UMBERTO
LENZI (6/08/1931,
Massa Marittima, Grosseto) Si
diploma in regia al Centro Sperimentale di Cinematografia
nel 1956, scrive su riviste come "Bianco e Nero", prima di
esordire nel mondo del cinema come aiuto regista (tra gli
altri "Costantino il Grande", "Il terrore dei mari"), collabora
alla stesura di qualche sceneggiatura ("Il figlio di Aquila
Nera"), fino al grande balzo dietro la macchina da presa,
con la sua opera prima da regista: "Le avventure di Mary Read"
, classico film di cappa e spada. Influenzato più di
ogni altro regista italiano dal cinema d'azione americano
(tra i suoi maestri dichiarati, ci sono Walsh, Fuller ed Edgar
G. Ulmer), si dedica alla rilettura dei classici salgariani,
firmando "Sandokan", interpretato dal grande Steve Reeves,
"I pirati della Malesia" (durante la lavorazione del quale,
la troupe è sorpresa dallo scoppio della guerra civile
che porterà al distacco di Singapore dalla Malesia!)
ed "I tre sergenti del Bengala" , prima di virare decisamente
verso il genere più in voga al momento, lo spionaggio,
girando in due anni ben quattro titoli, tra i quali forse
i più rilevanti" sono Superseven chiama Cairo" e "A
008 Operazione Sterminio". Poi trae un film dal fumetto
"Kriminal", quindi passa ai film di guerra con "Attentato
ai tre grandi". Nel 1968
mette in scena "La legione dei dannati", avvalendosi
di una produzione Titanus decisamente ricca, tanto da ospitare
come protagonisti Jack Palance e Curd Jurgens, dopodiché
inventa il thriller erotico all'italiana, firmando la celebre
trilogia "Orgasmo", in cui è autore del soggetto
e della sceneggiatura, con ottimo colpo
di scena finale, "Così dolce, così perversa",
con toni raffinatamente macabri e sensuali, con le
musiche di Riz Ortolani, e "Paranoia",
in cui Lenzi confonde abilmente colpevoli e vittime, in un
crescendo di tensione (con la diva hollywoodiana Carroll Baker
presente in tutti e 3 i film). Con "Il Paese del sesso
selvaggio" (1972), un film sui rituali tribali
suggerito da un'inchiesta di Emanuelle Arsan, Lenzi sfiora
il tema dell'antropofagia che riprende più dettagliatamrente
con "Mangiati vivi" (1979) e "Cannibal Ferox"

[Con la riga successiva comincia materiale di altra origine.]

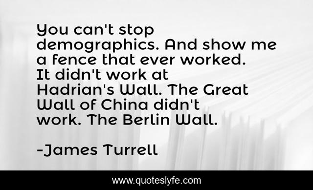 This page presents the quote "You can't stop demographics. And show me a fence that ever worked. It didn't work at Hadrian's Wall. The Great Wall of China didn't work. The Berlin Wall.". Author of this quote is James Turrell. This quote is about me, great,.
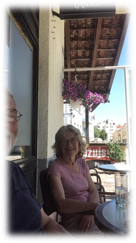 We strolled around and spent a happy half hour in a cloths shop whilst Janet bought herself some cool cotton clothes before we had a drink on a hot square.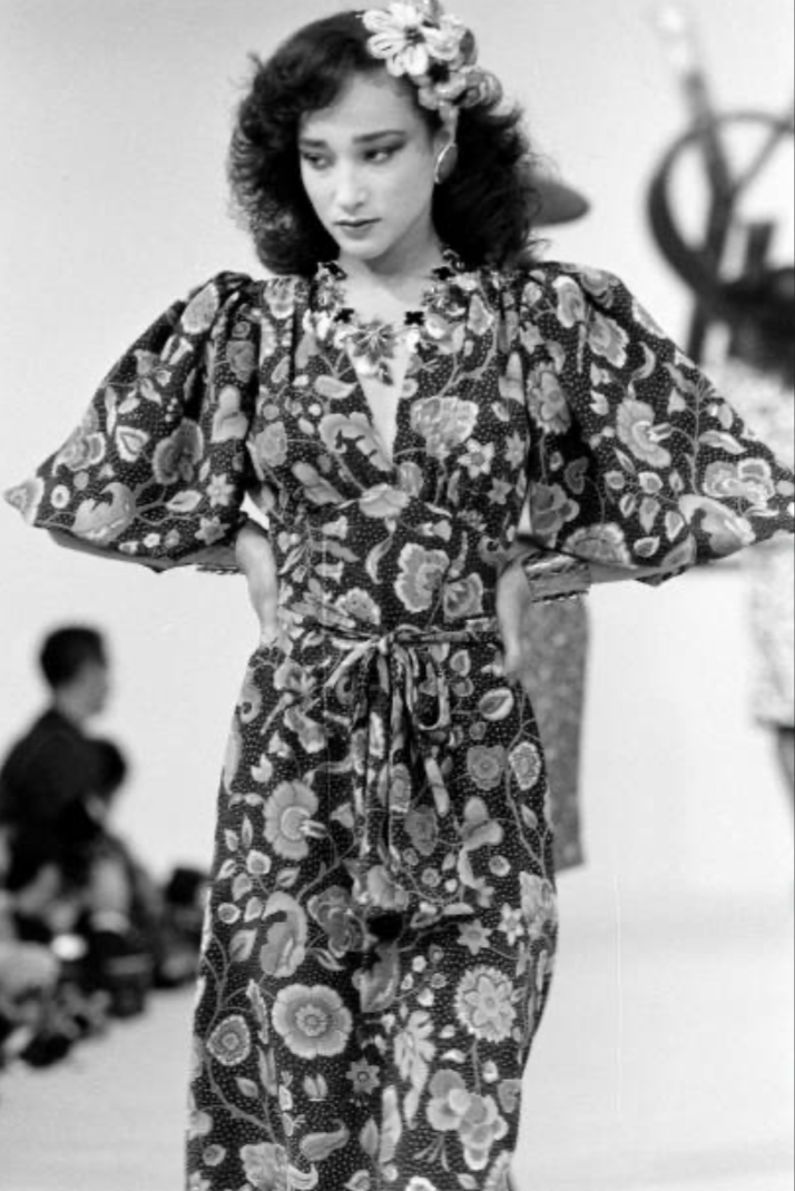 1983 Runway Saint Laurent Floral and Polka-Dot Bell-Sleeve Silk Dress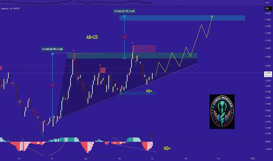 The price on the daily timeframe is within an ascending triangle, which can be promising. If the price breaks this pattern with bullish candles, it could easily rise by the distance of AB=CD, If my view is correct, DOGE will rise to 0.38 .

(1980). Un successo davvero clamoroso, qust'ultimo, che nella
sola New York, con il titolo Make them die slowly,
incassò oltre 400.000 dollari nella prima settimana.
Dopo "Il Paese del Sesso Selvaggio" è la
volta di altri thriller di ottima fattura, come "Il Coltello
di Ghiaccio", scritto anche dallo stesso Lenzi, "Sette
Orchidee Macchiate di Rosso", ottimo thriller, girato
con competenza, con un ottimo meccanismo della suspense e
della paura, con omicidi ben realizzati e con le musiche di
Riz Ortolani, "Spasmo", che si differenzia in maniera
evidente sia dai primi gialli psicologici sia dai suoi thriller
degli anni 70, e "Gatti Rossi in un labirinto di vetro",
tra particolari rivelatori, delitti in pieno sole, scene di
lesbismo e inquietanti atmosfere. Ma
Lenzi, negli anni '70, trova il suo terreno più fertile
nei polizieschi di azione ambientati nelle metropoli italiane,
risultando alla fine essere il più prolifico interprete
del genere, firmando alcune tra le migliori opere del decennio.
A questo periodo risalgono pellicole come "Milano odia: la
polizia non può sparare" (magnificamente interpretato
da Tomas Milian, Henry Silva e Ray Lovelock), "Napoli violenta"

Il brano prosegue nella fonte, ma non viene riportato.